In this thermal imaging photo, a US Army major participates in the NATO Exercise Lightning Strike in Finland in November. Credit: Getty Images, digitally tinted
Historians and analysts see the interweaving of European nations with institutions such as NATO and the EU as key pillars to the success of the post-World War II “European Project”. “The idea was that by integrating these states and making them more and more interdependent with each other, there was less chance that they would come into conflict with each other,” says Christian Reus-Smit of the University of Melbourne. “That’s a really momentous achievement. But this project has really had a hard time in the past decade or 15 years. Brexit was, of course, the biggest casualty to it.” Britain left the EU, but not NATO.

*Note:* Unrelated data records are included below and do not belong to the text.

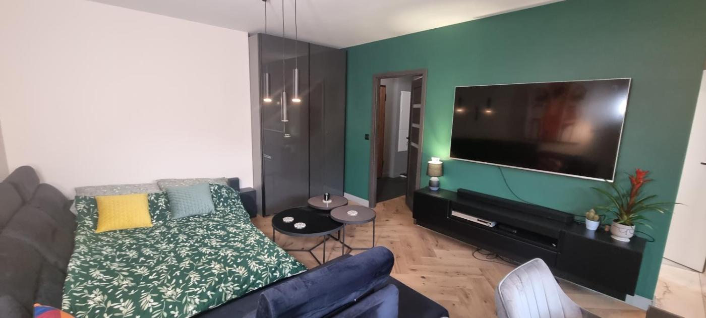 Studio z balkonem. Guests can make meals in the kitchenette that has a stovetop, a refrigerator, a dishwasher and kitchenware. The studio features a washing machine, a tea and coffee maker, a balcony with garden views as well as a private bathroom boasting a hairdryer. The unit has 1 bed. Studio - 2 osobowy. Powierzchnia pokoju ok.: 35 mkw.
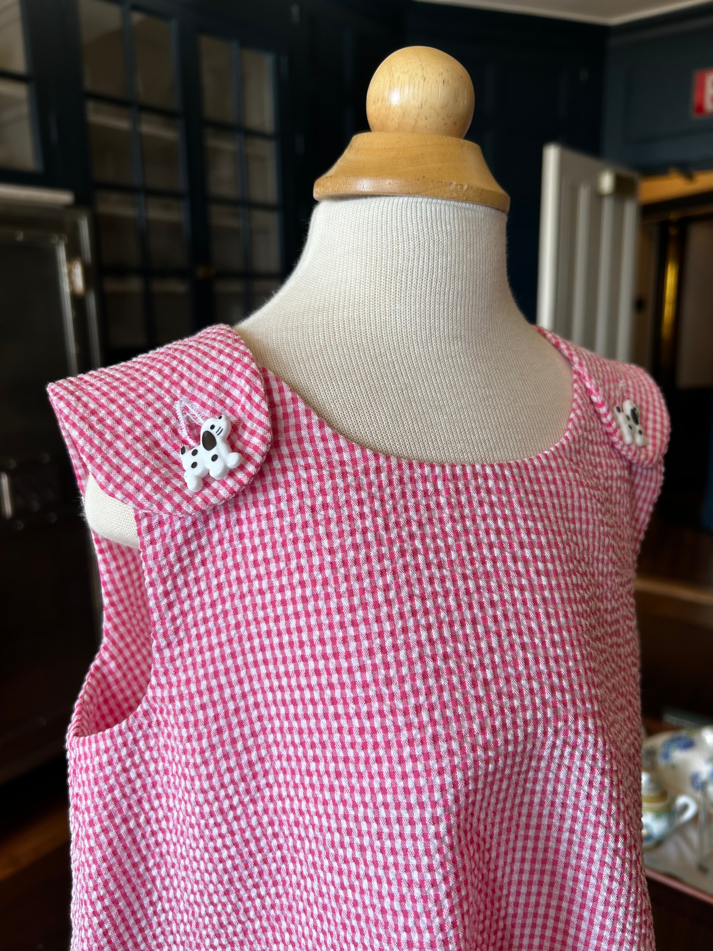 Chez Nana created this dress exclusively for Newport Restoration Foundation (NRF) in celebration of NRF's dedication to the preservation of craftsmanship and heritage across Newport. The dress represents American craftsmanship alive today, and the puppy buttons are a nod to Doris Duke's great affection for our canine friends.
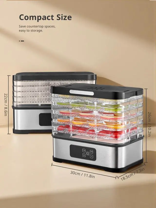 Large Capacity & Efficient Drying: Equipped with 5 removable trays, this dehydrator accommodates bulk drying while saving countertop space. The top-mounted fan ensures even heat circulation for faster, energy-efficient dehydration.
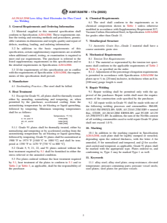 ABSTRACT This specification covers chromium-molybdenum alloy steel plates for welded broilers and pressure vessels designed for elevated temperature service. Materials considered under this specification are available in grades 2, 12, 11, 22, 22L, 21, 21L, 5, 9 and 91. The steel materials shall be killed and shall be thermally treated. The steel specimens shall undergo heat analysis and product analysis and shall conform to the chemical requirements for carbon, manganese, phosphorus, sulfur, silicon, chromium, molybdenum, nickel, vanadium, columbium, boron, nitrogen, aluminum, titanium, and zirconium. The steel specimens shall also undergo tension tests and shall conform to the required values of tensile strength, yield strength, and elongation. SCOPE 1.1 This specification2 covers chromium-molybdenum alloy steel plates intended primarily for welded boilers and pressure vessels designed for elevated temperature service. 1.2 Plates are available under this specification in several grades having different alloy contents as follows: Nominal Nominal Chromium Molybdenum Grade Content, % Content, % 2 0.50 0.50 12 1.00 0.50 11 1.25 0.50 22 2.25 1.00 21 3.00 1.00 5 5.00 0.50 9 9.00 1.00 91 9.00 1.00 1.3 Each grade except Grade 91 is available in two classes of tensile strength levels as defined in the Tensile Requirements tables. Grade 91 is available only as Class 2. Grade 91 consists of two types, with Type 2 differentiated from Type 1 by requiring restricted composition for the enhancement of creep resistance. Note 1: Grade 911, previously covered by this specification, is now covered by Specification A1017/A1017M. 1.4 The maximum thickness of plates is limited only by the capacity of the composition to meet the specified mechanical property requirements. 1.5 The values stated in either inch-pound units or SI units are to be regarded separately as standard. Within the text, the SI units are shown in brackets. The values stated in each system are not exact equivalents. Therefore, each system must be used independently of the other. Combining values from the two systems may result in nonconformance with this specification. 1.6 This international standard was developed in accordance with internationally recognized principles on standardization established in the Decision on Principles for the Development of International Standards, Guides and Recommendations issued by the World Trade Organization Technical Barriers to Trade (TBT) Committee.
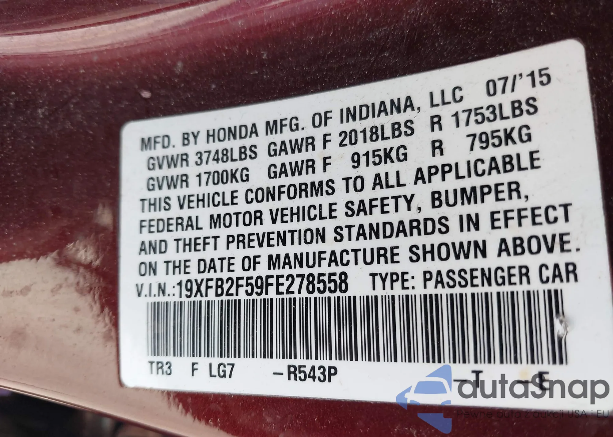 LOT: 43304369 VIN: 19XFB2F59FE278558
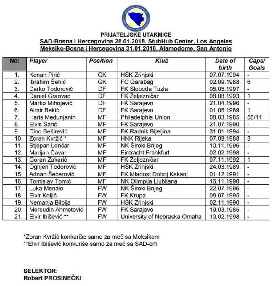 Konačan spisak igrača za utakmice u SAD-u – Bh reprezentativci će u četvrtak krenuti za Sjedinjene Američke Države gdje će odigrati dvije prijateljske utakmice.  Spisak reprezentativaca na koje selektor Robert Prosinečki računa za susrete sa SAD-om i Meksikom je objavljen na kraju ove vijesti.

As for any US exit, even if he wanted to, Donald Trump would find it tricky to leave. For a start, the National Defence Authorisation Act specifically prohibits the US president from unilaterally withdrawing from NATO without approval of a two-thirds Senate super-majority or an act of Congress. If somehow the US did abandon NATO, one scenario is its bureaucracy could survive but it “effectively ceases as an alliance”, says Rynning. “I’m not entirely that pessimistic. I think cool heads on both sides of the Atlantic will prevail. On the European side, they know we need time and we need to do this in partnership with the US. On the American side, I think cool heads know that at some point Trump’s America will be tested. Be that from Russia or China, Iran maybe, North Korea. And at that point they need allies and partners.”
Back in Finland, while NATO troops will soon be based in Lapland’s capital, Rovaniemi (more famous as the home of Santa Claus), and further north in Sodankyla, Trump’s second term has introduced an element of doubt for the likes of Juhana Aunesluoma from the University of Helsinki. “If there’s an incident somewhere,” he muses, “you know, if the Russians do something big or small, how would the American president react? We know NATO has procedures in place, but would the NATO commanders get the green light from Washington?”
Still, after decades outside NATO, the Finns have form in self-sufficiency, he tells us. “Finns are worried, really worried because we do face Russia, but Finns have a bit more confidence in their ability to handle all kinds of situations.”